Monday, April 7, 2014

Don't Poke the Bear

There are few things as important to us as our children. Let me rephrase, there is nothing more important to us than our children. But for some reason, unbeknownst to me, in a public school system where supposedly nothing short of excellence will be tolerated, my children are once again the forgotten ones. Not only not important, but seemingly their education given up on. Their development and progress simply does not matter to the school.
There is nothing like an IEP (individual education plan) meeting to catapult a person into this reality.
Let me give you a little taste. The uplifting message from PT and OT in this particular meeting was that, my autistic, basically nonverbal child in the most severally disabled classroom in the district has "plateaued."
"Nothing more they can do to help him."
"They feel like their time is not well spent with him."
"There is nothing that they, as therapists, can do, that can't be done by his teacher and his aides in the classroom." (because the teachers and aides don't do enough,that is sarcasm at its height-in actuality these people are literally sent from heaven and already do everything for the kids, so why don't we just put a little more on their plate?). 
So just to recap in case you missed something and because I don't still fully believe it myself:
Johnny is in the ONLY FMD (functional mental disability) classroom in all the elementary schools in this city.  He is nonverbal, has had an autism diagnosis since he was three, is one of only four children in the most severely disabled classroom in the entire district and he no longer qualifies for PT services, and his OT services were recommended to be reduced.
"His education is not impacted by safety issues."
Are we talking about the child who will walk out in four lanes of traffic without blinking an eye, or the child that will climb a jungle gym and stand at the very edge of an overhang, look right at you and dare you with his eyes to pay attention to something or someone else and if you do, he will step off the ledge, the child who has zero danger awareness or if he does know, he doesn't care, the child that still does not alternate his feet when going down stairs (which is a big milestone in development). The child that does not throw, pass, or kick a ball on command, the child that cannot sit in a given seat for any significant amount of time without intervention, prompts or rewards, the child that will dart through the school-classrooms, cafeterias, or gym without regard to his own or anyone else's safety. The child who has had poor coordination and low muscle tone on every developmental evaluation since he was 10 months old.  

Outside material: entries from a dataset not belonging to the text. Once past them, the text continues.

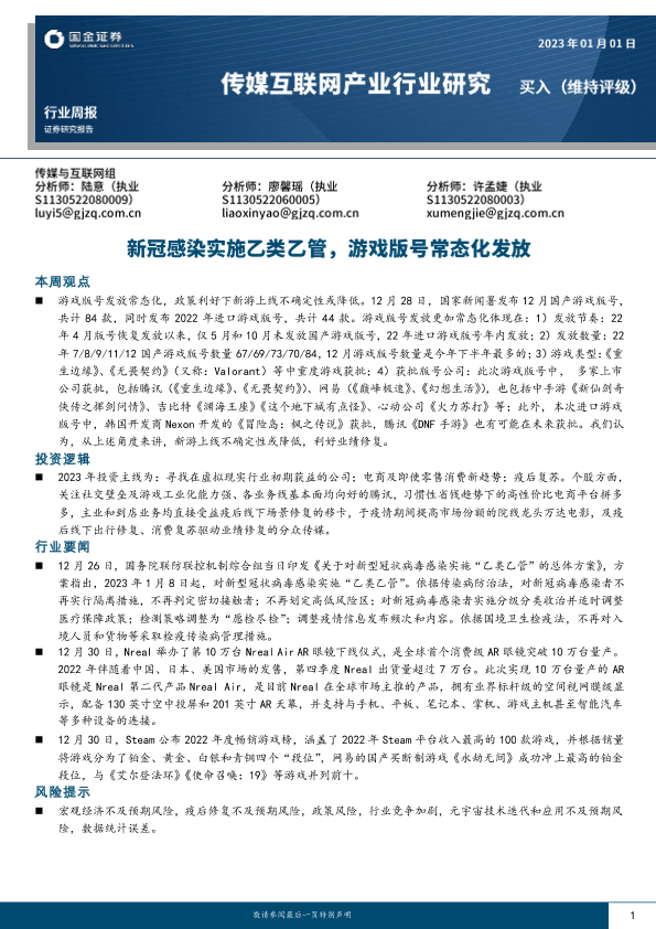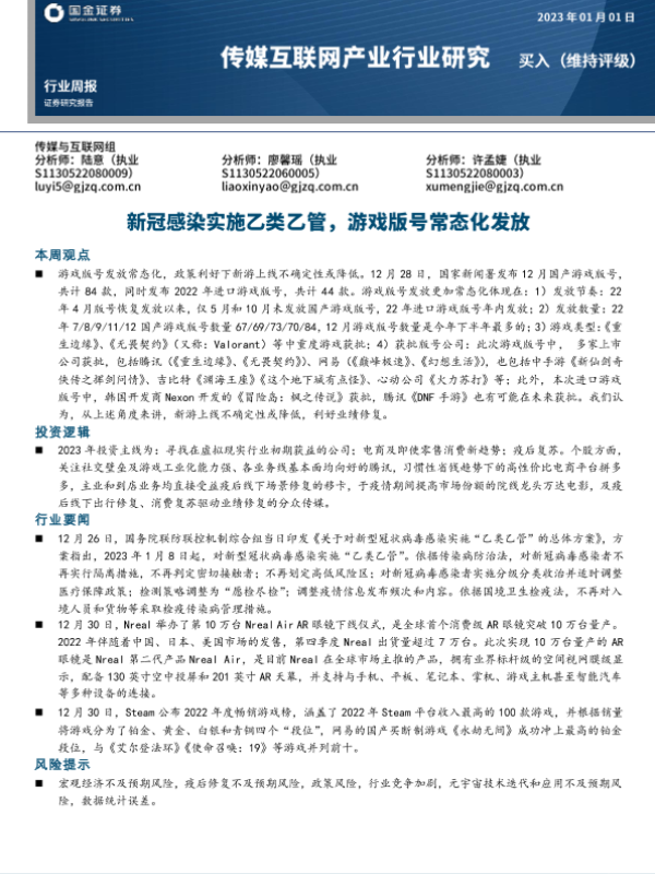 【国金证券】【20230101】传媒互联网产业行业研究:新冠感染实施乙类乙管,游戏版号常态化发放-18页
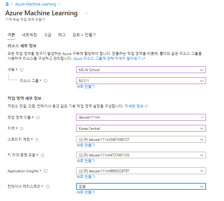 - @[Azure Machine Learning]@ 페이지에서 @[만들기]@ 버튼을 클릭하여 리소스를 만들어준다.
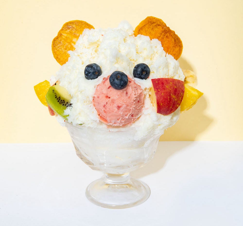 「白くま君」1,800 円 「白くま君」のソースは、ライチとミルクをミックスしたさっぱりフレーバー。口元はいちごジェラートで彩り、キウイ、バナナ、パイナップル、りんご、ブルーベリーのフレッシュフルーツで飾り付け。さらに「堀内果実園」の人気商品である柿チップやドライフルーツをトッピングしています。
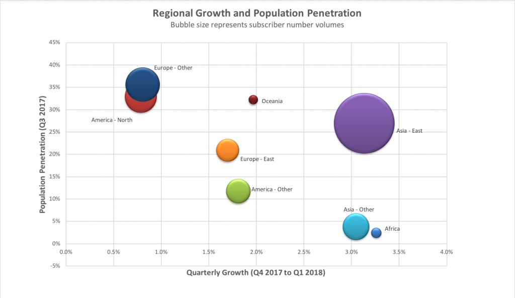 2018年第一季度,固定寬帶用戶凈增量有64%來自東亞。最大區(qū)域市場(chǎng)份額保持在47%左右??傮w而言,自2017第四季度以來,所有地區(qū)的市場(chǎng)份額基本保持不變,東亞地區(qū)的季度增長率為3.1%,上個(gè)季度為2.8%。除美洲外,其他地區(qū)的增長放緩,其中北美的季度增長率為0.24%,美國增長率為0.2%。
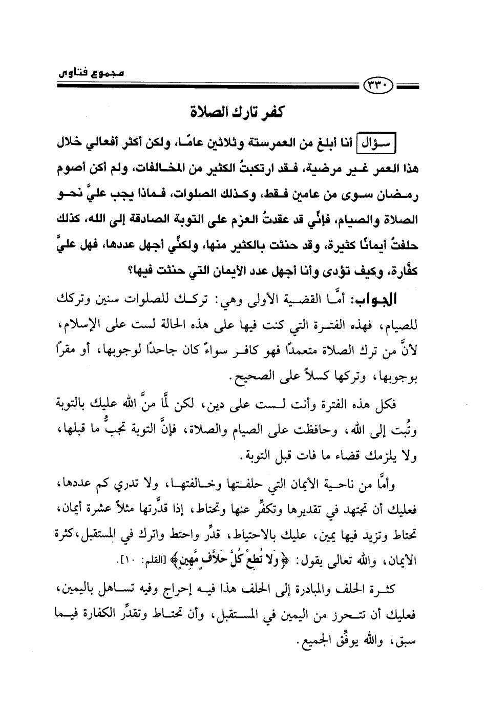 سؤال: أنا أبلغ من العمر ستة وثلاثين عامًا، ولكن أكثر أفعالي خلال هذا العمر غير مرضية، فقد ارتكبت الكثير من المخالفات، ولم أكن أصوم رمضان سوى من عامين فقط، وكذلك الصلوات، فماذا يجب عليّ نحو الصلاة والصيام، فإني قد عقدت العزم على التوبة الصادقة إلى الله، كذلك حلفت أيمانًا كثيرة، وقد حنثت بالكثير منها، ولكني أجهل عددها، فهل علي كفارة، وكيف تؤدى وأنا أجهل عدد الأيمان التي حنثت فيها؟
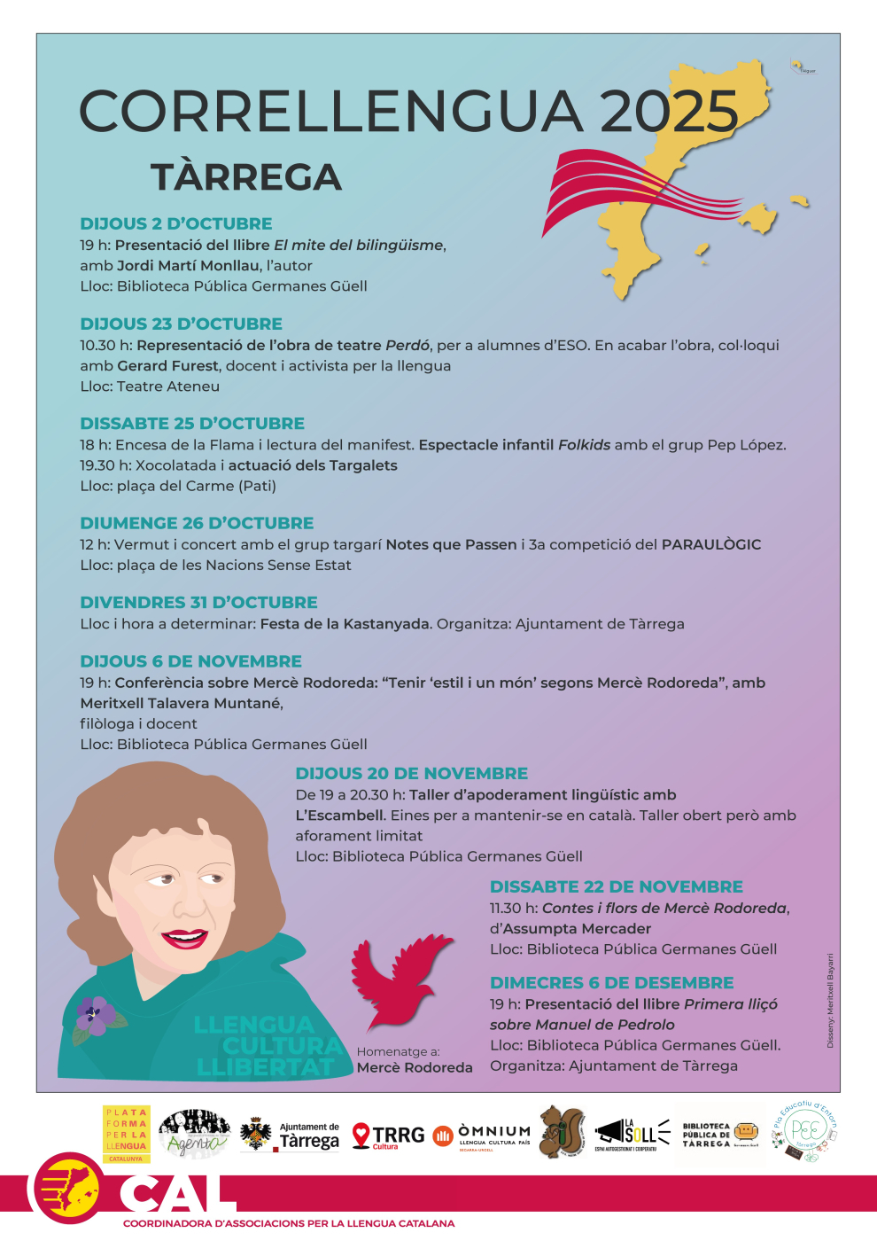 El municipi de Tàrrega se suma, un any més, a la celebració del Correllengua 2025, un esdeveniment que reivindica l'ús social del català a través d'activitats culturals i festives. Amb un programa d’activitats fins al 22 de novembre, hi haurà xerrades, presentacions de llibres, teatre, tallers, concerts i la festa de la Castanyada.

This child is no longer receiving PT services? Actually that is a statement not a question-this child is no longer receiving PT services. He is still receiving OT, don't even get me started on this topic. My rage will go unbridled until my fingers fall off and I am grateful he is still getting this much needed therapy. I just keep thinking how it was mentioned that the therapists do not have the "resources" to help John. If anyone has a child in this school system, that would make your blood boil, it just would not be tolerated. And I find it equally unacceptable to be said regarding my child's education and future. Yes, I understand it is a public school, but tell me what you need to help him and I will get it. Instead, they look at me for what to do, what to try, strategies to use, ideas. I keep comparing it to getting an email from my oldest child's math teacher asking me how to teach him Algebra. I know, wouldn't happen. 
One thing that became blatantly obvious on that day, in that meeting. No one sitting around me at that table could see things from my perspective. Maybe that's not their fault, maybe it's the "system" that is broken. But, I know they look at me like I am so very different than they, like they could never be me. And I get that, I thought I could never be me.  But I found this "throw up our hands" mentality from therapists in our or any school system, embarrassing and offensive.

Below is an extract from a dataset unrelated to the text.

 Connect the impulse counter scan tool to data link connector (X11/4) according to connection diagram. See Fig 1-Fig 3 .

Imagine as a parent with a child at any level, being told that they had plateaued? Yeah, I thought it was unimaginable too. For those of you that never have to go through an IEP meeting-you are truly a fortunate person. For those of you that do, I feel ya, it sucks and as much as you want to believe that everyone is there for your child, unfortunately, some are not. You and you alone must fight for your kid and their education. Your child is worth it, no matter if the message is subtle or as blatant as the one above.
Luckily, I have taken a couple of weeks to calm down (oh yeah, totally calm now, I deleted my first rant immediately after the meeting). Now, more than anything, I am disappointed and sad. Of course, I plan to continue working cooperatively with the school, but I will not cower and allow my child to slip through, be forgotten, not get the services he is entitled to and desperately needs for his development and gasp, his education.  I will take accountability for my part. I got lazy, complacent, hibernated for a bit because I felt comfortable, like we were in a good place. Unfortunately, my son couldn't tell me otherwise. I am his voice.
There is no place for a sense of security in special education- the bear has been poked. 
I swear I didn't write this! 




Funny Note: People have asked me why I used this title-Adam says this to Jacob about making me mad :).